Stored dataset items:
####
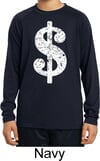Kids Funny Distressed Dollar Sign Dry Wicking Long Sleeve Tee T-Shirt
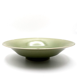 もともとはかつて中国浙江省にあった越州窯を起源とする釉薬で、陸羽の茶経にお茶を美味しく楽しめる茶器としての紹介が記述されています。日本へも平安時代には持ち込まれていたらしく、源氏物語などにその記述が出てきます。また、日本の染物の色の名前にある「秘色」は、この青磁釉に由来しています。東洋で最も古い磁窯と言われ、龍泉窯の前身にあたります。
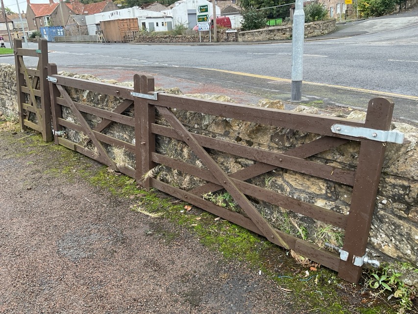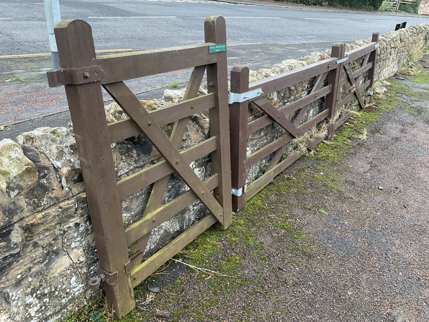 A pair of 6ft wood driveway gates of traditional construction having galvanised hinges & fittings - 12ft span; and an associated 3ft five bar side gate. (3)
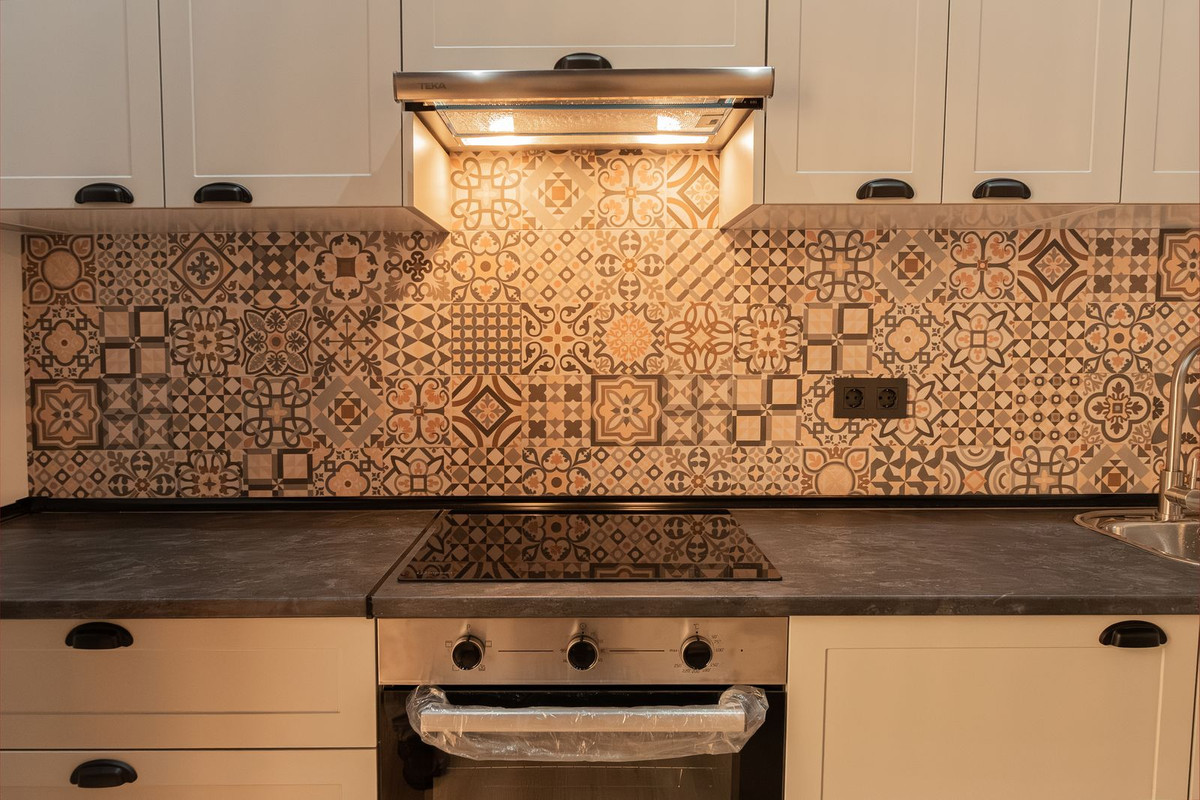 The brand-new kitchen has been custom-designed for this property and includes a range hood, ceramic hob, oven, washer-dryer, and built-in refrigerator — all brand new, unused, and included in the price. The living room and bedroom furniture are also new and unused.
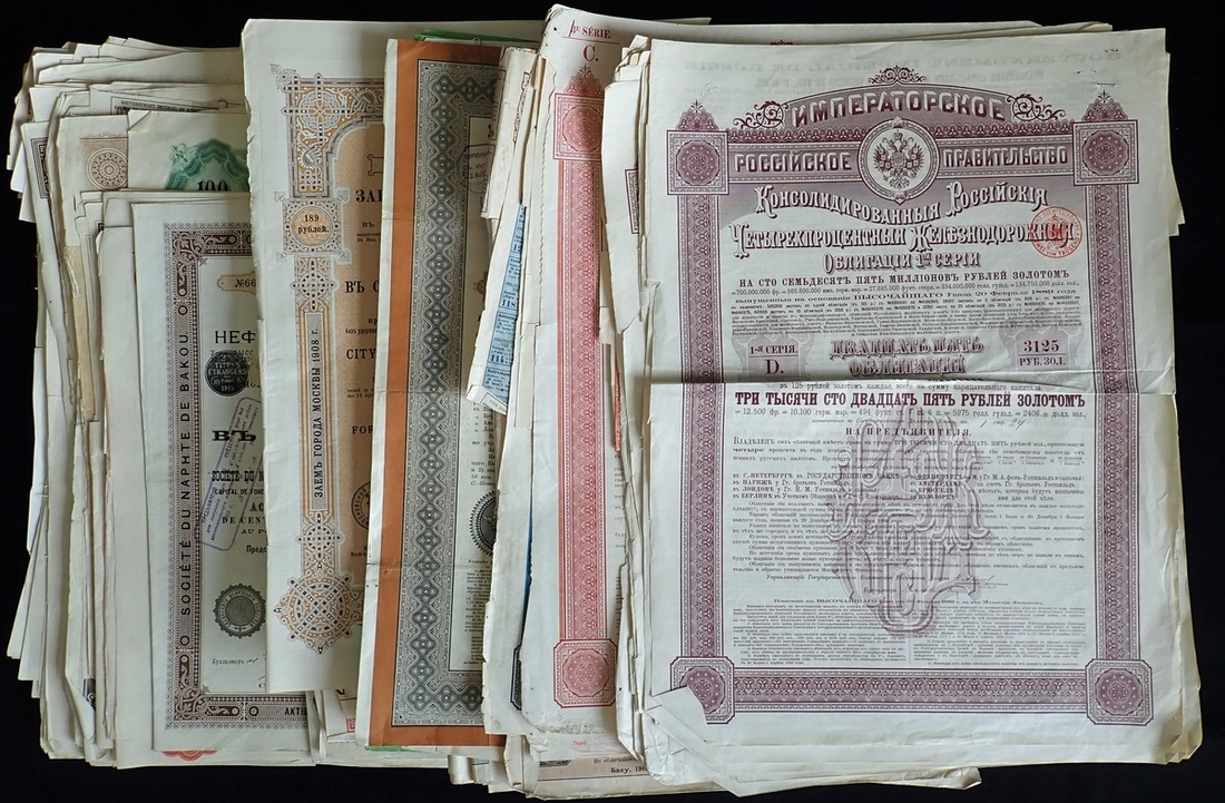 Russia: 1889 Consolidated 4% Railroad Bonds, series 1, bonds for 3125 roubles, 5 examples, mauve, 2 without coupons; together with a large quantity of other Russian bonds, some duplication, including a quantity of bonds of the City of Moscow Loan, 1908, £20 and £100. Good variety. Many VF and better (140).
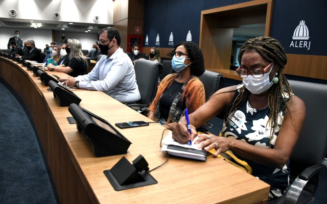 A primeira das três audiências públicas, promovida na tarde de terça-feira, 14/09, teve a condução do presidente da Comissão de Constituição e Justiça, deputado estadual Marcos Pacheco (PSC). Estiveram presentes pela administração pública estadual Secretário estadual de Fazenda, Nelson Rocha; o presidente do Rioprevidência, Sérgio Aureliano; e o defensor público estadual do estado do Rio de Janeiro, Rodrigo Pacheco. Pelo Sintuperj, participaram a coordenadora geral Regina de Fátima de Souza e a coordenadora de Saúde e Segurança do Trabalhador, Simone Menezes Damasceno.
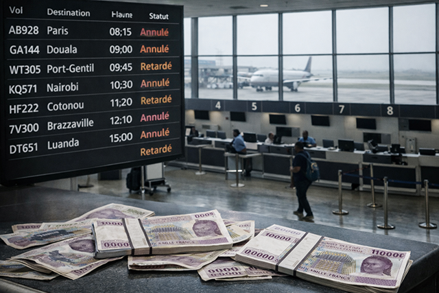 La redevance R4 frappe, les avions se vident, l’IATA craint un effondrement du trafic aérien et du tourisme au Gabon. © GabonReview / Dall-E (Intelligence artificielle)
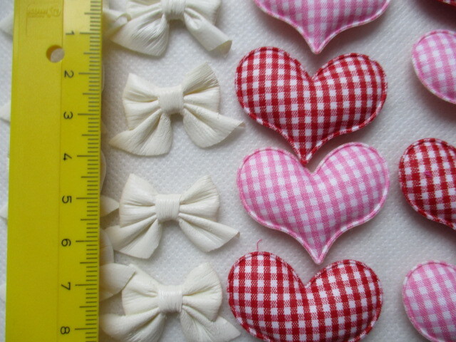 R61◆チェックHeartクッションMotif 14個・リボン型ホワイトmotif 14個
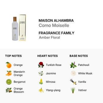 Crafted by Maison Alhambra, a renowned Middle Eastern fragrance house based in the United Arab Emirates, Como Moiselle reflects the brand’s dedication to high-quality ingredients and luxurious design. This fragrance is a celebration of femininity and sophistication, designed for women who embrace their inner strength and grace.
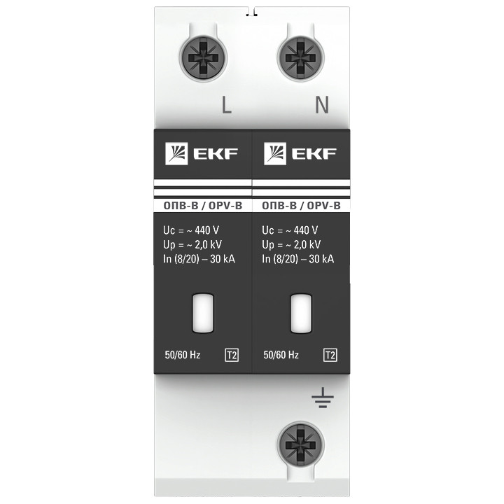 Полное описание товара Ограничитель перенапряжений ОПВ-B 2P (EKF) opv-b2
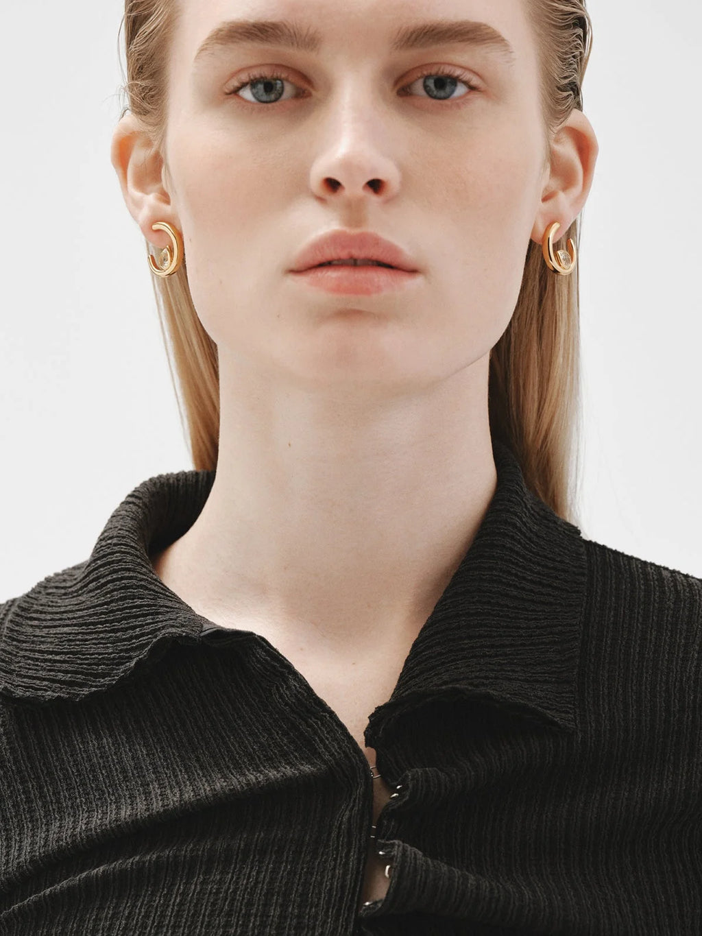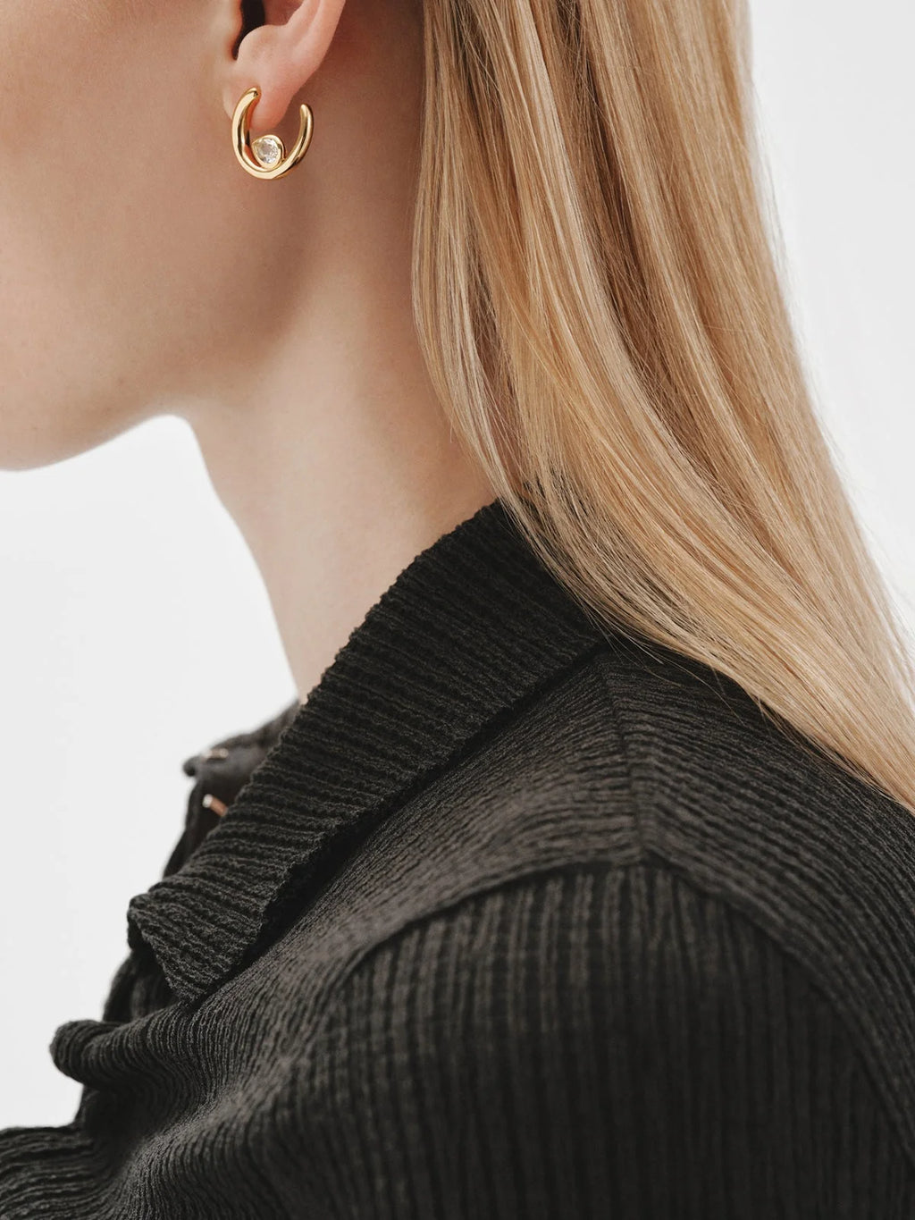Pendientes de aro de plata 925 bañada en oro amarillo de 18K con 2 topacios blancos
####
WHAT THE EXERCISE ASKS: Retype only the lines above from the one with "R61◆チェックHeartクッションMotif 14個・リボン型ホワイトmotif 14個" through the last, both ends included, keeping every picture out of the copy.

RESPONSE AREA:
 R61◆チェックHeartクッションMotif 14個・リボン型ホワイトmotif 14個
 Crafted by Maison Alhambra, a renowned Middle Eastern fragrance house based in the United Arab Emirates, Como Moiselle reflects the brand’s dedication to high-quality ingredients and luxurious design. This fragrance is a celebration of femininity and sophistication, designed for women who embrace their inner strength and grace.
 Полное описание товара Ограничитель перенапряжений ОПВ-B 2P (EKF) opv-b2
Pendientes de aro de plata 925 bañada en oro amarillo de 18K con 2 topacios blancos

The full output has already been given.